NEW DATA FOR RENEWAL CHURCHES by Pastor Bill Whitt
Doctors take measurements over time to gauge your health. Tracking blood pressure, weight, and cholesterol levels makes it easier to spot problems before they become severe.
Churches can also benefit from collecting and analyzing more debtobjective data over time. Is attendance up or down? How many people are coming to faith for the first time? What percentage of people are active in groups? How many people regularly give financially?
Each quarter, Tony Morgan and The Unstuck Group release a report filled with this kind of data. Here are a few of the most important pieces of data from the most recent report, along with my analysis of why it is relevant to our work in church renewal.

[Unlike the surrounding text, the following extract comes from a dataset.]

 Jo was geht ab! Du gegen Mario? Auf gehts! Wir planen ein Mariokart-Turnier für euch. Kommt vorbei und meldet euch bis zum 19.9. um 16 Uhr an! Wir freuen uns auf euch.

FIVE DATA POINTS FROM THE UNSTUCK CHURCH REPORT
Data Point 1: CHURCH ATTENDANCE IS UP 22% OVER THIS TIME LAST YEAR
In Context: We would expect that attendance would be up from 12 months ago, when many areas of the country were still struggling with Covid. Comparing this year to last year has only limited usefulness (similar to comparing a Sunday with warm weather to a Sunday during a blizzard -- of course you will see dramatic increase in attendance!).
Going Deeper: The more interesting statistic is that about 80% of churches reported attendance growth. That means roughly 20% of churches have seen even more decline since the worst of Covid. There are a number of churches that are still struggling to right the ship.

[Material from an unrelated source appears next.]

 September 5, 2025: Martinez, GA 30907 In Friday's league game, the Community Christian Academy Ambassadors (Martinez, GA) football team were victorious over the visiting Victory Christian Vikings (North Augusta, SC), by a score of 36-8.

Data Point 2: ONLINE SERVICE VIEWS ARE DOWN 11%
In Context: As people began attending physical worship gatherings again, they stopped watching the livestream. For this reason, the inverse correlation makes sense. However, current members are not the only ones watching the livestream. Potential first-time guests are also a key audience.
Going Deeper: The new front door to the church is your online presence, especially your livestream. Investments there will pay huge dividends. The survey confirmed this theory, showing that growing churches had a higher percentage of people engaging with online services (2 views for every 5 people attending physical gatherings, on average).

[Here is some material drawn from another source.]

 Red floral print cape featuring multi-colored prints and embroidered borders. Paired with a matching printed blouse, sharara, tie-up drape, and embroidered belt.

Data Point 3: DECISIONS TO FOLLOW JESUS ARE UP 9%
In Context: Among their survey group, churches averaged 13.8 decisions to follow Jesus per 100 attendees within the last year. Even though we seem to be entering largely post-Christian environment, it is encouraging to see that Christians are still taking the Great Commission seriously and that people are still open to the Gospel.
Going Deeper: Declining churches reported fewer people making decisions to follow Jesus or getting baptized. This will be one of the most important areas to address in church revitalization efforts.
Data Point 4: GROUP ENGAGEMENT AND VOLUNTEERISM HAS DECLINED
In Context: About 51% of people in the churches surveyed participated in a group, which is down from 55% last year. Similarly, only 36% of people are serving now, which is down from pre-pandemic levels of almost 50%.
Going Deeper: Finding a way to get people connected and serving is more important than ever, but it is also more difficult than ever. The survey showed that growing churches have 30% more volunteer leaders and have more people connected to groups. Engagement level is one of the most important metrics you can track and work to improve.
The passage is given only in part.